1. Field of the Invention
The present invention relates to a magnetoresistive element, a magnetic head, and a magnetic recording and reproducing apparatus, and more specifically, to a magnetoresistive element configured to conduct a sense current in a direction perpendicular to a plane of a magnetoresistive film, as well as a magnetic head and a magnetic recording and reproducing apparatus using the magnetoresistive element.
2. Description of the Related Art
In recent years, efforts have been made to reduce the sizes of magnetic recording media while increasing their capacities. Accordingly, the relative speed between a magnetic read head and a magnetic recording medium during read operation has been decreasing. Under the circumstances, expectation to magnetoresistive heads which allow high outputs under the low relative speed has been increasing.
It has been reported that a multilayered film with a sandwich structure including a ferromagnetic layer, a nonmagnetic layer and a ferromagnetic layer successfully produces a high magnetoresistive effect, if the ferromagnetic layers are not anti-ferromagnetically coupled. Specifically, the nonmagnetic layer is referred to as a “spacer layer” or an “intermediate layer”, one of the ferromagnetic layer is referred to as a “pinned layer” or a “magnetization pinned layer”, and the other ferromagnetic layer is referred to as a “free layer” or a “magnetization free layer”. The magnetization of the pinned layer is fixed by applying an exchange biasing magnetic field. The magnetization of the free layer is reversed by an external magnetic field (or signal magnetic field). The magnetization reversal of the free layer changes the relative angle between the magnetization directions of the two ferromagnetic layers sandwiching the nonmagnetic layer between them, making it possible to produce a high magnetoresistive effect. The multilayered film of this type is called a “spin-valve”.
Because the spin-valve can be saturated under a low magnetic field, it is suitable for a read head and has already been put into practical use. However, the magnetoresistive ratio of the spin-valve is limited to about 20%, and a higher magnetoresistive ratio has been required.

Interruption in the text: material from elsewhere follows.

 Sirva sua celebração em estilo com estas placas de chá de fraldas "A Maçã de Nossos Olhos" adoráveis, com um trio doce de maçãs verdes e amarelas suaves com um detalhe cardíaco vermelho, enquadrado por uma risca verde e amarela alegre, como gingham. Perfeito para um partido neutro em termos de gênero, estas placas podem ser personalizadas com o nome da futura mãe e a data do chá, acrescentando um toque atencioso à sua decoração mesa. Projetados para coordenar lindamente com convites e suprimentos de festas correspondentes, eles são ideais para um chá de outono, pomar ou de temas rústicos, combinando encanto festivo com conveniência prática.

The spin-valve includes a CIP (Current-In-Plane) type in which a sense current is supplied in a direction parallel to the film plane and a CPP (Current-Perpendicular-to-Plane) type in which the sense current is supplied in a direction perpendicular to the film plane. The CPP type magnetoresistive element has been reported to exhibit a magnetoresistive ratio about ten times as high as that of the CIP type magnetoresistive element.

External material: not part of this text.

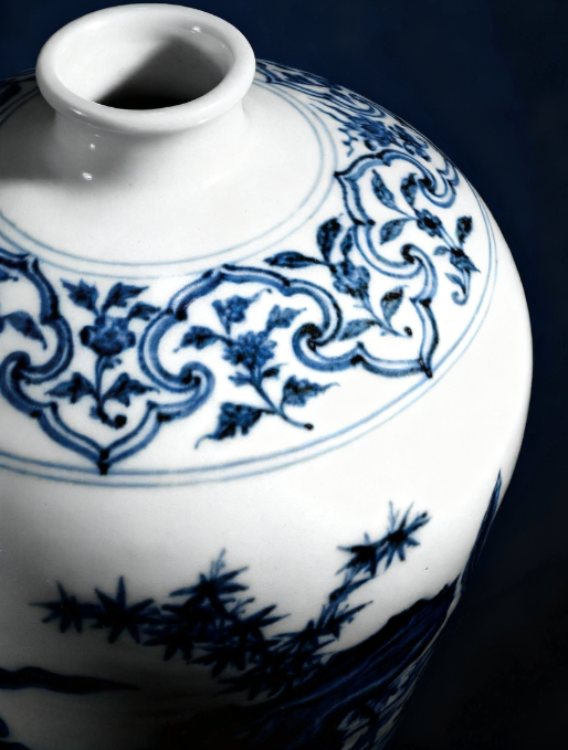 基本信息:2025 年 5 月 2 日,在佳士得香港「靛藍若化 —— 重要私人珍藏官窯青花器」拍賣專場中,此梅瓶估價為 5000 萬 – 8000 萬港元。該梅瓶高 35 厘米,曾為埃斯肯納齊(倫敦)、鴻禧藝術文教基金會收藏。

In the spin-valve structure, however, the total thickness of the spin-dependent layers is very small and the number of interfaces is also small. Accordingly, if a spin-valve with a structure employed in the conventional CIP type is supplied with a current in the direction perpendicular to the film plane, the element shows a low resistance and thus shows a low output absolute value. When such a spin-valve has a pinned layer and a free layer with a thickness of 5 nm, for example, the output absolute value AΔR for 1 μm2 becomes as small as about 0.5 mΩ μm2. Thus, it is important to increase outputs in order to put a CPP type magnetoresistive element using a spin-valve film to practical use. To achieve this, it is critical to increase the resistance value of a part of the magnetoresistive element which contributes to spin-dependent conduction, and to increase the resistance change. It is also important that the pinned layer and the free layer be made of a material excellent in bulk scattering and interface scattering.
To improve the magnetoresistive (MR) effect, a technique that inserts a resistance increasing layer including an insulator into a spin-valve film has been proposed (see. J. Appl. Phys., 89, p 6943 (2001) or IEEE Trans. Magn., 38, p 2277 (2002)). The spin-valve is composed of a part where the spin-dependent scattering of electrons is caused remarkably (pinned layer/spacer layer/free layer) and a part where the spin-dependent scattering is insignificant (a buffer layer, an antiferromagnetic layer, a protective layer, and the like). Assuming that the resistance of the former part is Rsd and the resistance of the latter part is Rsi, the magnetoresistive ratio (MR ratio) of the spin-valve is expressed by the formula: MR=ΔRsd/(Rsi+Rsd). The insertion of the resistance increasing layer including the insulator into the spin-valve film is intended to obtain improved MR ratio by making Rsd far higher than Rsi.
It has also been reported that the CPP magnetoresistive element is improved in the bulk scattering effect and the interface scattering effect by using Fe50Co50 or a stack of [Fe50Co50/Cu] having a bcc structure as a pinned layer and a free layer (see J. Appl. Phys., 92, p 2646 (2002)).
Further, there has been reported on an attempt to improve the MR ratio by insertion of a spin filter layer of Cu having a thickness of 1 nm (see IEEE Trans. Magn., 38, p 2277 (2002)).